Studies meeting the following criteria will be included: (I) type of study: meta-analyses of GB preparations and published in either English or Chinese peer-reviewed journals; a meta-analysis is defined as in our previous studies (10,12); (II) subjects: humans suffering from any disease (e.g., angina pectoris, ischemic stroke, and dementia), and treated using any GB preparations; (III) interventions: a control group treated with placebo or conventional therapy, and an interventional group treated with any GB preparations (e.g., ginkgolide injection, ginkgo leaf dropping pills, etc.) alone or in combination with the same treatments as the control group; (IV) outcome: any outcome regarding efficacy and safety will be considered. We will exclude duplicate publications or inaccessible full texts, as well as protocols, narratives, or qualitative systematic reviews, letters, conference abstracts, network meta-analyses, and individual participant data meta-analyses.

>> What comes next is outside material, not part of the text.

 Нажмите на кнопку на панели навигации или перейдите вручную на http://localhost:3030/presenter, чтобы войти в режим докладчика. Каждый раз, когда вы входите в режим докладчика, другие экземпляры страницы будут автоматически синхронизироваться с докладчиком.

The literature obtained through database search will be imported into EndNote (X9, Clarivate Analytics) software for screening. To exclude irrelevant records, two independent reviewers will conduct the literature selection by reading titles and abstracts. The full text of the remaining papers will be assessed to determine the final eligibility. Any disagreement will be resolved by consulting a third reviewer.

Quality assessment

Two trained reviewers will use AMSTAR-2 and PRISMA 2020 to evaluate the methodological and reporting quality of included meta-analyses. Any conflict will be resolved through discussion. AMSTAR-2 consists of 16 items, where items 2, 4, 7, 9, 11, 13, and 15 are critical items. AMSTAR-2 provides three answers to the question of the items for a meta-analysis, including “Yes”, “Partial Yes” and “No.” Based on existing methodological weaknesses in each meta-analysis, the overall methodological quality can be evaluated as high, moderate, low, or critically low.

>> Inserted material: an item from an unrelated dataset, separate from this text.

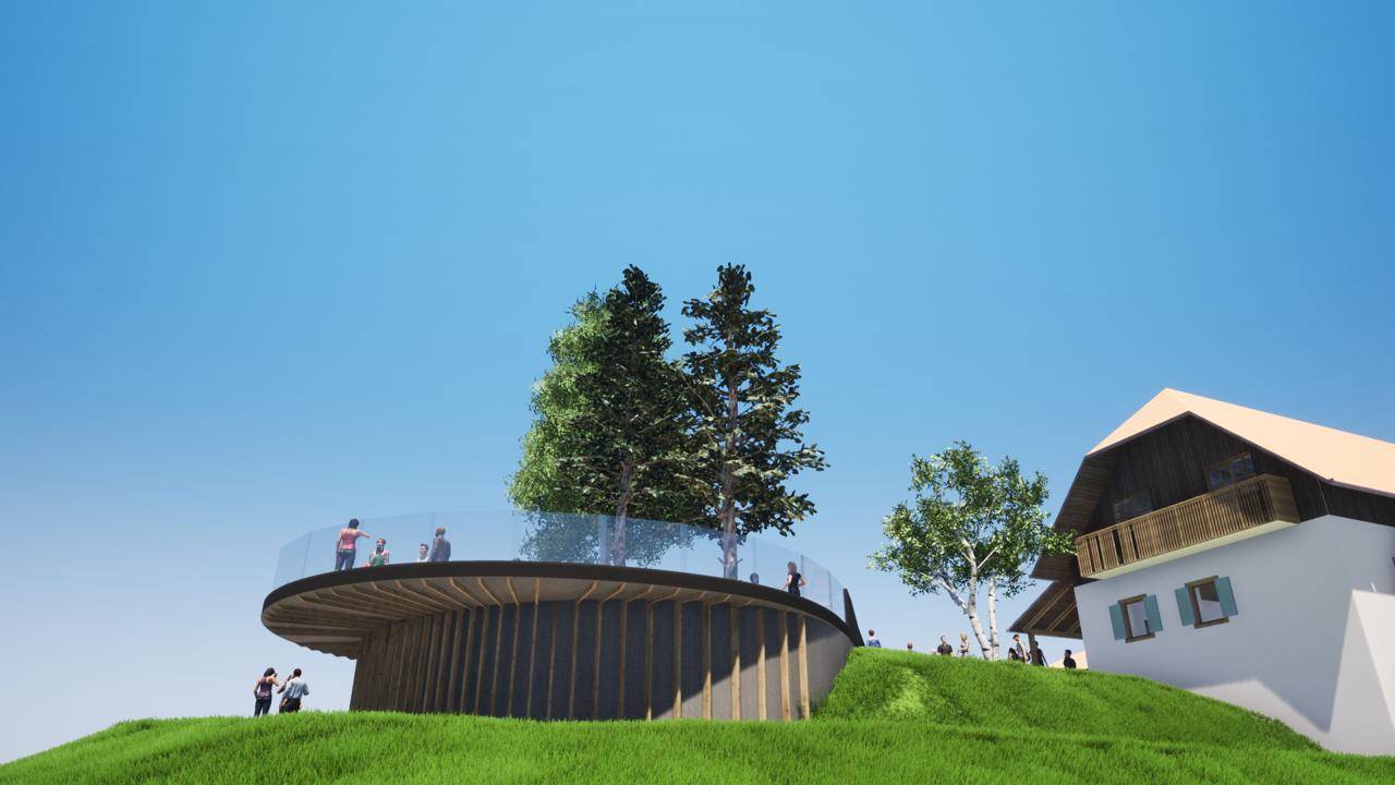 Pogled na edinstveno cesto v obliki srca je najlepše vidno na terasi turistične kmetije Dreisiebner, ki se je sedaj odločila za milijonsko investicijo prenove in preoblikovanja razgledne terase.

PRISMA 2020, an updated version of PRISMA 2009, is a reporting checklist for systematic reviews and meta-analyses (19). It consists of seven sections with a total of 42 sub-items. PRISMA was initially developed to improve the reporting of systematic reviews and meta-analyses (19). However, it has been widely employed to evaluate the reporting quality of published systematic reviews or meta-analyses. In the current study, “Yes” and “No” will be used to assess whether the included meta-analyses satisfy the reporting requirements for each item. In order to facilitate the statistical analysis, 1, 0.5, and 0 scores will be assigned to “Yes”, “Partial Yes” and “No”, respectively, in AMSTAR-2 and without “Partial Yes” in PRISMA 2020.

Data extraction

Two independent investigators will extract data from each meta-analysis using a predesigned data extraction form. Any disagreement will be discussed and solved by consensus. Extracted data will include the following parameters: title, first author, number of authors, disease, language, year of publication, registration information, country, PRISMA tool used, journal name, journal impact factor, number of pages, intervention and control description, database searched, searching timeframe, total sample size, study design of original studies, number of original studies, quality assessment tool, and funding information.

Statistical analysis

Compliance rate of AMSTAR-2 or PRISMA2020 will be determined through the number and percentage of “Yes”, “Partial Yes”, or “No.” Moreover, a total quality score for each meta-analysis will be calculated. The relationship between methodological and reporting quality will be assessed using the Spearman correlation coefficient based on the total score of each meta-analysis. In addition, univariate and multivariate linear analyses will be utilized to assess whether the five predefined factors (i.e., year of publication, number of authors, number of pages, registration, and PRISMA used) would affect the methodological quality. The quality assessment results presented with a bubble chart. This chart will consist of two axes and some bubbles. The x-axis will be divided into four sections representing the results of AMSTAR-2 (“high”, “moderate”, “low”, and “critically low”) for each article. The y-axis will describe the total score based on PRISMA 2020 for each meta-analysis. Each bubble will represent a meta-analysis article, the size of the bubbles will reflect the total number of participants included in each meta-analysis, and the color of the bubbles will represent the year of publication. Moreover, the FI of each statistically significant binary outcome will be utilized to assess the robustness of the pooled data, where a larger FI represents a more robust estimate (20). Data analysis will be performed with Stata 16.0 (StataCorp, College Station, TX, USA) and Excel 2016 (Microsoft Corporation, WA, USA) software. Two-sided P<0.05 will be considered statistically significant.


Discussion

GB is a plant with high medicinal value and various pharmacological activities, including anti-inflammatory, anti-allergic, antioxidant, and neuroprotective activities. GB preparations have been used against cardiovascular and nervous system disorders (21), and other conditions, such as symptoms of influenza and COVID-19 infection (22,23). Generally, meta-analyses are regarded as the most substantial in the hierarchy pyramid of evidence (24), but the quality of meta-analyses in certain clinical areas is suboptimal (25-28). Many meta-analyses of GB preparations have been conducted to assess the efficacy and safety of GB preparations under various conditions. The methodological and reporting quality of these meta-analyses has not yet been thoroughly evaluated and reported. Therefore, the present study aspires to fill this gap.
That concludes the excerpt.